C’est un leurre destiné à vous appâter.

4. « Le support de H.264 n’est pas requis dans la spécification HTML5 »

Mais cela deviendrait un autre standard de fait, fermé, comme l’était Internet Explorer 6. Et nous avons tous à l’esprit les dégâts que cela a causés au Web.

5. « Google fournit Chrome avec le greffon Flash préinstallé ; son attitude est hypocrite »

Cela revient à comparer des pommes avec des poires. Flash est un greffon que Google a choisit de fournir en même temps que son navigateur car il y a beaucoup de contenus qui nécessitent Flash sur le Web. H.264, loin de n’être qu’un simple greffon, ferait partie du navigateur lui-même.
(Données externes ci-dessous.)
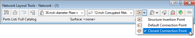 When you're laying out a pipe network, you can select which type of connection point to use. You can also reset the connection points after laying out the pipe network.
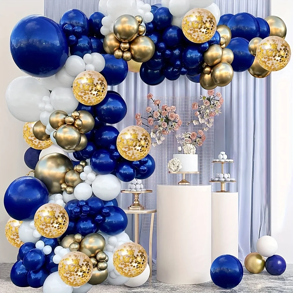 99Pcs Navy Blue Gold White Balloon Arch Kit for Baby Shower Birthday Wedding Party Graduation Celebration Anniversary Decoration
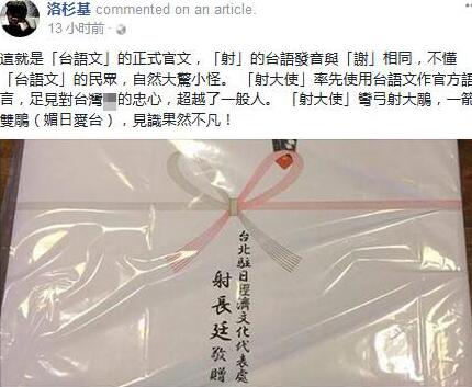 比如前不久,臺(tái)灣“駐日代表”謝長(zhǎng)廷在日本參加活動(dòng)時(shí),贈(zèng)禮竟將謝長(zhǎng)廷名字錯(cuò)成“射長(zhǎng)廷”,引發(fā)了島內(nèi)媒體的熱議,連臺(tái)灣自由作家洛杉基都酸其說:這是“臺(tái)語(yǔ)文”的正式官文,“射大使”果然不凡!
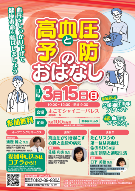 高血圧予防や発症した場合の診断・治療など、様々なお話を聞くことができる機会ですので、是非ご参加ください。
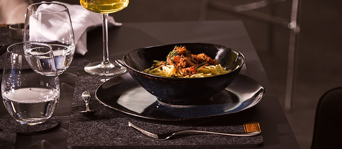 Wegen ihrer dezenten, eleganten Farbgebung und ihres zeitlosen Materials sind unsere Platzsets mit nahezu allen Geschirrarten und -farben kombinierbar. Lediglich Teller in der gleichen Farbe könnten auf ihnen etwas zu düster wirken. Sie können die Platzsets sowohl mit klassischem weißem Porzellangeschirr als auch mit bunten Steinguttellern eindecken. Ebenso eignen sich die Tischsets als Unterlage für gemustertes Geschirr - ob in einem modernen grafischen Design oder im Blümchendekor aus Großmutters Schrank. Ein ganz besonderes Duo ergeben unsere Platzsets zusammen mit hellen, eckigen Tellern.

Une chose qu’il est important d’avoir à l’esprit c’est que Flash est d’ores et déjà omniprésent. Si vous voulez profiter de la vidéo sur le Web, vous n’avez pas le choix : il vous faut Flash. Pourtant la « bataille » de la vidéo directement dans le navigateur, via HTML5, fait toujours rage sans qu’on puisse encore désigner le vainqueur. Mais à présent que Google laisse tomber le codec fermé H.264 dans son navigateur, la probabilité qu’un codec libre et ouvert finisse par s’imposer augmente.

Que Google continue de fournir le greffon Flash avec son navigateur est parfaitement compréhensible. La plupart des contenus vidéo sur le Web sont en Flash et Google Chrome peut ainsi continuer de les afficher, en attendant qu’un codec ouvert s’impose pour la vidéo directement dans le navigateur. Il n’y a aucune hypocrisie ici, seulement du pragmatisme.
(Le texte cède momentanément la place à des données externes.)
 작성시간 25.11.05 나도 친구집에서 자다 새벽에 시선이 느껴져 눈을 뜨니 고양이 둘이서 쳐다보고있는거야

Finalement le reproche fait à Google de livrer le greffon Flash avec son navigateur sert à détourner l’attention de la véritable question : est-ce que la vidéo directement dans le navigateur se fera au moyen d’une technologie ouverte ou fermée ?
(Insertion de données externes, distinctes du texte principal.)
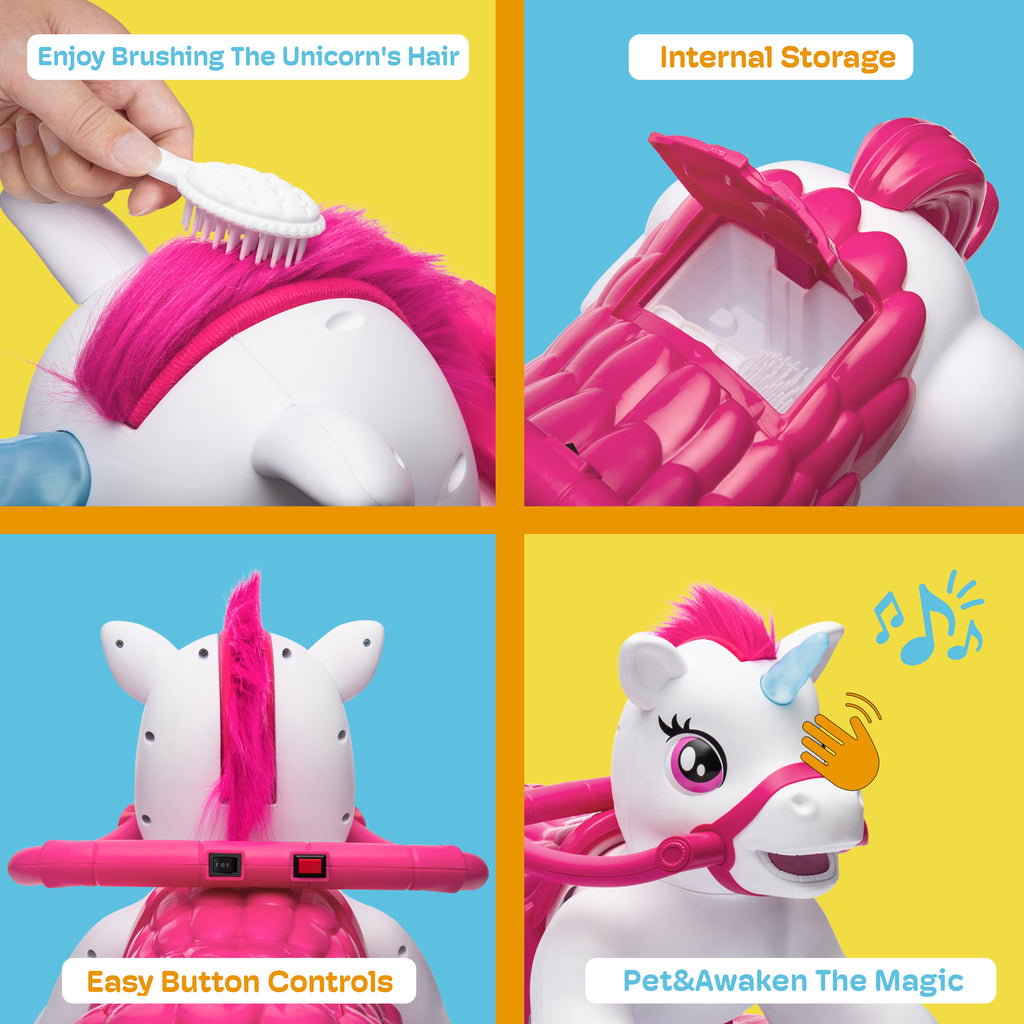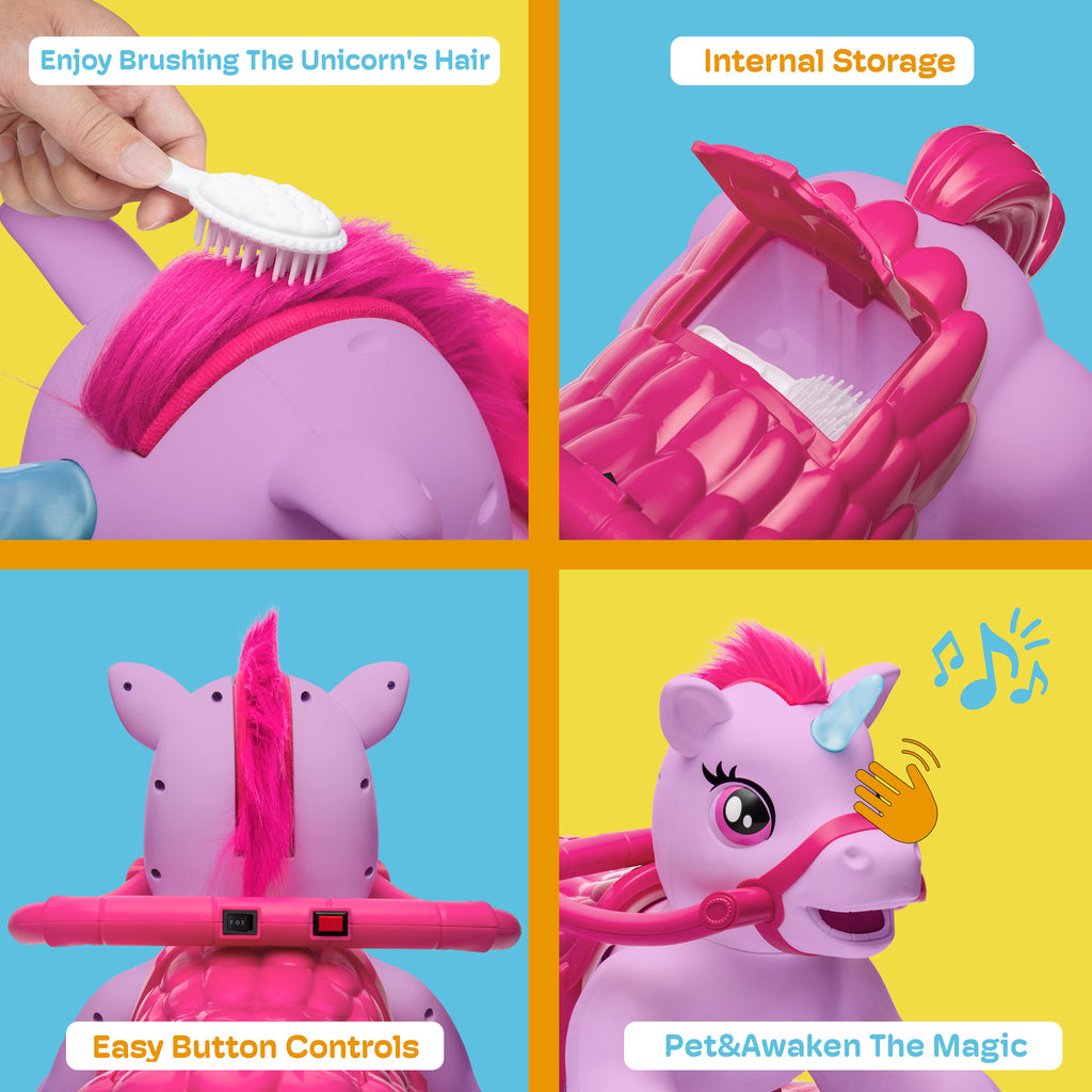 - Interactive Fun: Every brush of the brush accessory, feeding of the toy carrot, or gentle tap on the horn triggers cute animal sounds that delight and engage.
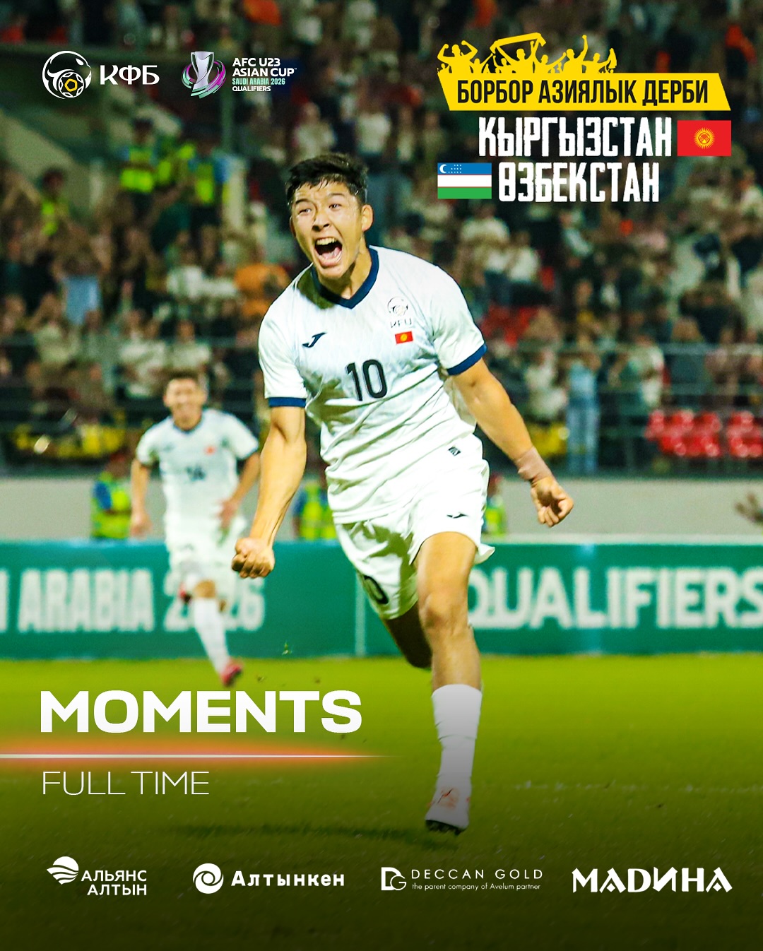 Мелдеш кечээ, 6-сентябрда Дөлөн Өмүрзаков атындагы стадиондо, 2026-жылдагы Азия Кубогунун тандоо этабынын алкагында өттү. Командалар Е тайпасында ойноду. Бул тууралуу Спутник жазды.
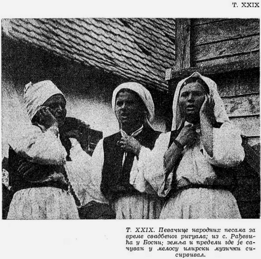Pl. XXIX. Chanteuses des chants populaires pendant la cérémonie du mariage; du village de Radjevié en Bosnie; pays et régions où est conservée la survivance de la musique illyriennne dans le mélos populaire;

Mise à jour : Certains brandiront iOS comme contre-argument mais ça ne résiste pas à l’analyse. Il y a une raison pour laquelle beaucoup d’utilisateurs d’iPhone/iPad sont prêts à payer même pour des solutions de transcodage de piètre qualité sur iOS : ils ne peuvent accéder à la plupart des sites de vidéos. La raison pour laquelle iOS trace sa route avec H.264 c’est basiquement que YouTube (le site d’hébergement de vidéos de Google, qui s’avère être le plus important sur le Web) le supporte. La vaste majorité des sites vidéo requièrent encore Flash. Cela dit, je comprends que certains des fans les plus importants d’Apple soient ennuyés par l’initiative de Google de promouvoir WebM. Perdre le support de YouTube serait un coup terrible pour Apple.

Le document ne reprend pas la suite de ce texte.